R/data.R

#' Phenotypes available for the Panicum virgatum diversity panel.
#'
#' A dataset containing phenotypes for the Panicum virgatum diversity panel.
#'     The variables are as follows:
#'
#' \itemize{
#'   \item PLANT_ID. ID of the Panicum virgatum genotype sequenced in the
#'      diversity panel.
#'   \item GWAS_CT. The number of times that genotype was clonally propagated
#'       and planted at these common gardens.
#'   \item MAT. Mean annual temperature at the genotype's location of origin.
#'   \item bio17. Precipitation in the driest quarter at the genotype's location
#'       of origin.
#'   \item bio4. Temperature seasonality at the genotype's location of origin.
#'   \item bio16. Precipitation in the wettest quarter at the genotype's
#'      location of origin.
#'   \item AHM. Annual heat moisture index, calculated as (MAT+10)/(MAP/1000),
#'      at the genotype's location of origin.
#'   \item bio2. Mean diurnal temperature range at the genotype's location of
#'      origin.
#'   \item bio5. Max temperature of the warmest month at the genotype's location
#'      of origin.
#'   \item FRAC_SRV_THREE. Fraction of individuals surviving winter 2018/2019
#'      at three northern gardens (BRKG, LINC, CLMB).
#'   \item CLMB_BIOMASS. Biomass at the end of the 2019 season in Columbia,
#'      Missouri.
#'   \item KBSM_BIOMASS. Biomass at the end of the 2019 season in Hickory
#'      Corners, Michigan (Kellog Biological Station).
#'   \item PKLE_BIOMASS. Biomass at the end of the 2019 season in Austin, Texas
#'       (Pickle Research Campus).
#' }
#'
#' @name pvdiv_phenotypes
#' @docType data
#' @author Alice MacQueen \email{alice.macqueen@@utexas.edu}
#' @references \url{https://www.nature.com/articles/s41586-020-03127-1}
#' @keywords data
#' @usage data(pvdiv_phenotypes)
#' @format A data frame with 1114 rows and 13 variables
NULL

#' GFF3 Gene information
#'
#' A dataset containing the gene information in GFF3 format.
#'     The variables are as follows:
#'
#' \itemize{
#'   \item seqid. name of the chromosome or scaffold; here, of Panicum virgatum.
#'   \item source. name of the program that generated this feature.
#'   \item type. type of feature.
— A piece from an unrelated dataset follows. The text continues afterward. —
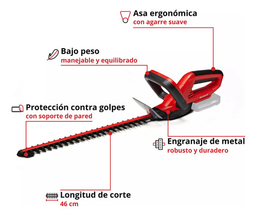 El cortasetos a batería GC-CH 1846 Li es una herramienta eficiente gracias a su pequeño peso y cómodo tamaño, ideal para el cuidado de setos, arbustos y matorrales en grandes terrenos y huertos familiares sin necesidad de tener una red eléctrica cerca.
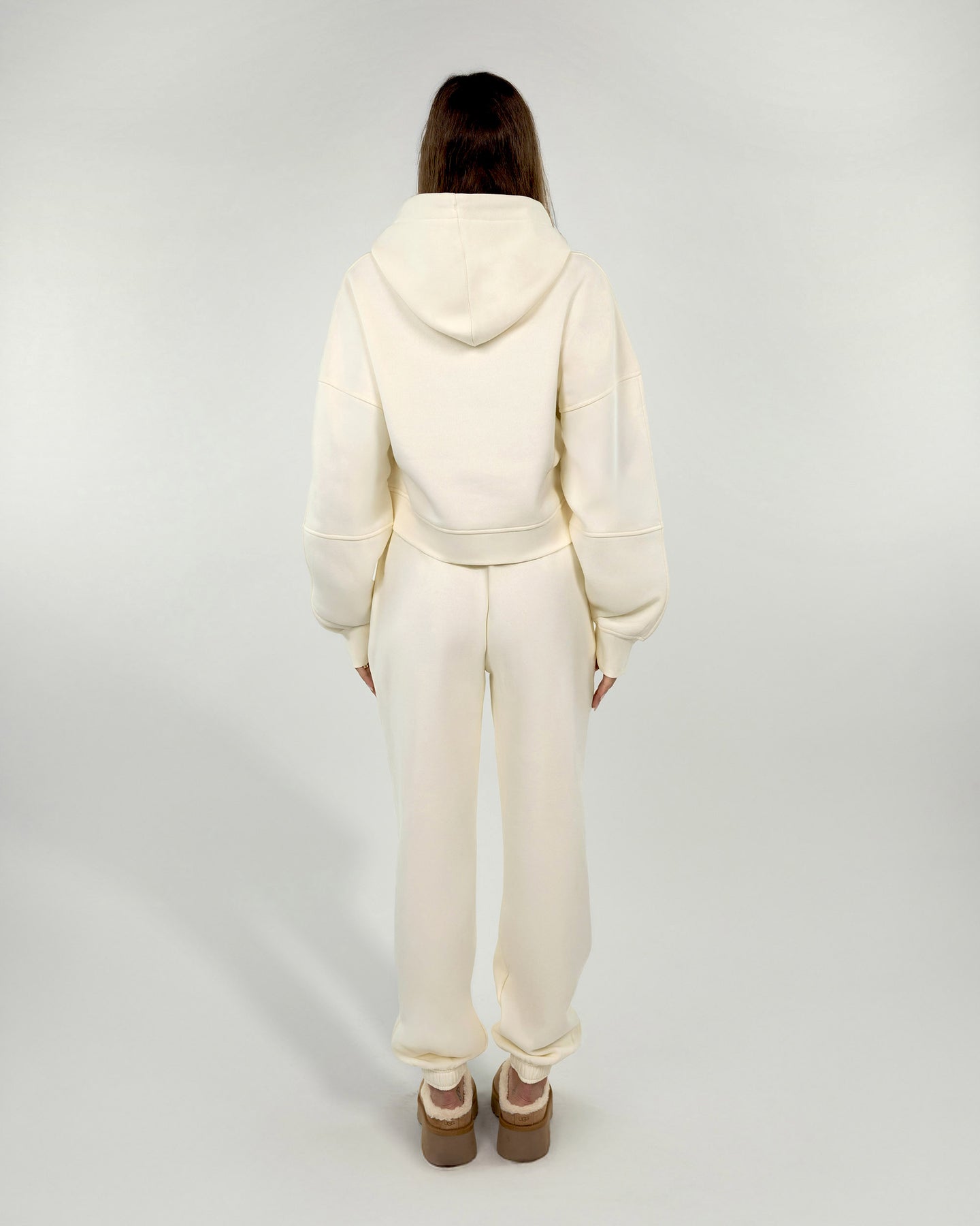 La felpa con cappuccio che ti abbraccia come una nuvola: femminile, dal taglio morbido e rilassato e maniche voluminose.

Term or accession from the SOFA sequence ontology.
#'   \item start. Start position of the feature, with sequence numbering starting at 1.
#'   \item end. End position of the feature, with sequence numbering starting at 1.
#'   \item score. A floating point value.
#'   \item strand. defined as + (forward) or - (reverse).
#'   \item phase. One of '0', '1' or '2'. '0' indicates that the first base of the feature is the first base of a codon, '1' that the second base is the first base of a codon, and so on.
#'   \item attributes. A semicolon-separated list of tag-value pairs, providing additional information about each feature. Some of these tags are predefined, e.g. ID, Name, Alias, Parent.
#' }
#'
#' @name gff_gene
#' @docType data
#' @author Alice MacQueen \email{alice.macqueen@@utexas.edu}
#' @keywords data
#' @usage data(gff_gene)
#' @format A data frame with 1236881 rows and 9 variables
NULL

#' Metadata lines for the gene GFF3
#'
#' A dataset containing the three metadata lines for the gff3 file gff_gene.
#'
#' @name gff_metadata
#' @docType data
#' @author Alice MacQueen \email{alice.macqueen@@utexas.edu}
#' @keywords data
#' @usage data(gff_metadata)
#' @format A data frame with 3 rows and 1 variable.
NULL

#' Annotation information from Pvirgatum_516_v5.1.annotation_info
#'
#' A dataset containing the v5.1 annotation information for Panicum virgatum.
#'     The variables are as follows:
#'
#' \itemize{
#'   \item pacID ID of the Panicum virgatum gene from the annotation file.
#'   \item locusName The gene name from Panicum virgatum. Only distinct locus
#'       names are included in this dataset.
#'   \item transcriptName The transcript name from P. virgatum. Only the first
#'       transcript variant is included in this dataset.
#'   \item peptideName The protein name for the variant. Only the first protein
#'       variant is included in this dataset.
#'   \item Pfam
#'   \item Panther Panther categories associated with this locus.
#'   \item KOG assignments from the euKaryotic Orthologous Groups (KOG) database
#'   \item ec EC numbers in Enzyme Nomenclature.
#'   \item KO KEGG Orthology (KO) numbers associated with this locusName.
#'   \item GO Gene ontology entries associated with this locusName.
#'   \item Best-hit-arabi-name Best Arabidopsis thaliana homolog locus name.
#'   \item arabi-symbol Best A. thaliana homolog gene name.
#'   \item arabi-defline Best A. thaliana homolog gene annotation.
#'   \item Best-hit-rice-name Best rice homolog locus name.
#'   \item rice-symbol Best rice homolog gene name.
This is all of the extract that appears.